Nuclear staining of tumor and normal tissue, from a single slide, was evaluated by a semiquantitative scoring system for intensity and percent of positive nuclei. The system assesses the nuclear staining intensity as a 4-level ordered categorical variable (0 = none, 1 = mild, 2 = moderate, 3 = strong) and the percent positive cells are assessed as a 5-level ordered categorical (0 = none or rare cells, 1 = <10 %, 2 = 10–25%, 3 = 25–50%, 4 = >50%). Case tumors were considered positive if the nuclear immunohistochemical staining to detect expression of p53 protein had an intensity score of moderate or strong, had at least 10% or more of cells showing evidence of expression, and was considered positive by both study pathologists (HH, LM). The rationale for the cut-off point was based on the background level of the normal adjacent breast tissue on the tumor sections; tumor tissue that showed staining below this threshold was considered negative for p53 protein expression by immunohistochemical detection. Appropriate positive and negative (staining lacking primary antibodies) controls were used in each batch of staining.
Statistical analysis
Chi-squared tests were used to assess the association between mutation type (any, missense, nonsense, silent, and frameshift) and protein overexpression (data not shown). We further assessed the association by estimating odds ratios (OR) and 95% confidence intervals (CI) with adjustments made for age at diagnosis and race using unconditional logistic regression [18]. Protein overexpression was defined as having strong staining and positive cells or having moderate staining and at least 10% positive cell. Unconditional logistic regression was used to estimate the association between any p53 mutation and in separate models specific type of mutation (missense, nonsense, silent, and frameshift) and p53 protein overexpression after adjusting for age, race, estrogen and progesterone receptor status (ER/PR), and tumor stage. We also used unconditional logistic regression to assess the association between ER/PR status, tumor stage and p53 protein overexpression and overall p53 mutations, adjusting for age and race.

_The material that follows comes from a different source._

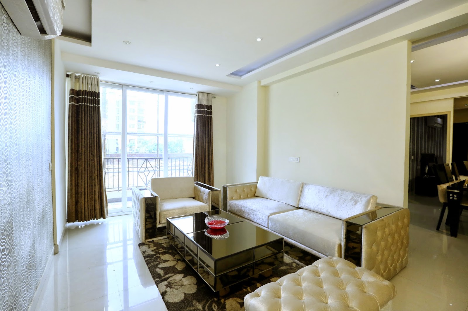 room. This semi furnished space presents a majestic look and appeal to both the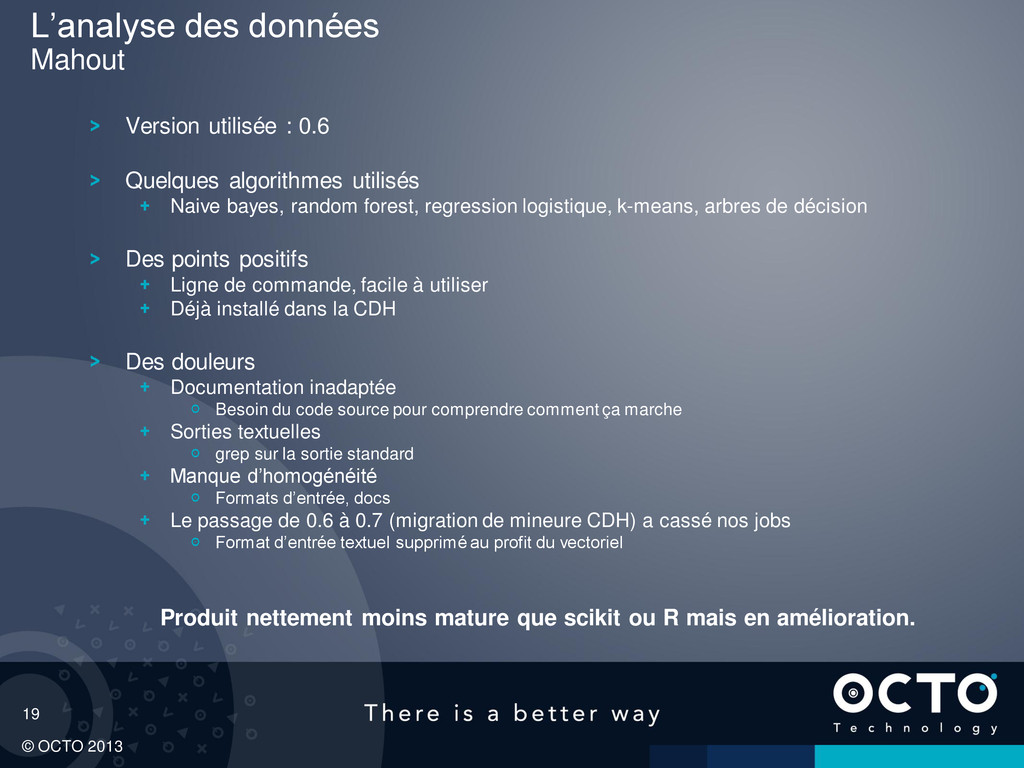 utilisés Naive bayes, random forest, regression logistique, k-means, arbres de décision Des points positifs Ligne de commande, facile à utiliser Déjà installé dans la CDH Des douleurs Documentation inadaptée Besoin du code source pour comprendre comment ça marche Sorties textuelles grep sur la sortie standard Manque d’homogénéité Formats d’entrée, docs Le passage de 0.6 à 0.7 (migration de mineure CDH) a cassé nos jobs Format d’entrée textuel supprimé au profit du vectoriel Produit nettement moins mature que scikit ou R mais en amélioration. L’analyse des données Mahout

We used Cox proportional hazard models to estimate the association between p53 protein overexpression and p53 mutation by type (any, missense, nonsense, silent, and frameshift) [19] and breast cancer-specific and all-cause mortality. Multivariate hazard ratios (HRs) and 95% CIs were calculated from the Cox proportional hazard models. We first ran separate models for p53 protein overexpression and by p53 mutation type, adjusting for age at diagnosis. We examined potential confounding of the p53 protein overexpression and p53 mutation associations with survival by the following variables: ER/PR status of the tumor, race, tumor stage (in situ vs. invasive), nodal status of tumor, tumor size, treatment type (chemotherapy, radiation), cigarette smoking (non-smoker, current, former smoker), alcohol use (ever, never), oral contraceptive use (ever, never), age at first birth, number of pregnancies, and body mass index (BMI) at diagnosis. Only ER/PR status confounded the associations between p53 mutation type and breast cancer-specific and all-cause mortality based on the 10% criteria; therefore ER/PR status remained in the final multivariate survival models. All statistical methods were carried out using SAS (version 9.1).
Table 1 shows the number and types of p53 mutations, the mutation effect and a comparison of these variables with the IARC p53 database [20]. Of the 859 tumor samples with available mutation data, a total of 151 mutations were identified; 128 tumors (15%) contained at least one mutation. In the latest IARC p53 database (R12 database, November 2007), the prevalence of mutations in exons 5–8 for breast cancer was 25%.
Table 1
Table 1
Distribution of p53 mutations, their type and effect among 859 case women diagnosed with a first primary breast cancer in 1996–1997 and who participated in the Long Island Breast Cancer Study Project (LIBCSP), as compared with the IARC p53 mutations (more ...)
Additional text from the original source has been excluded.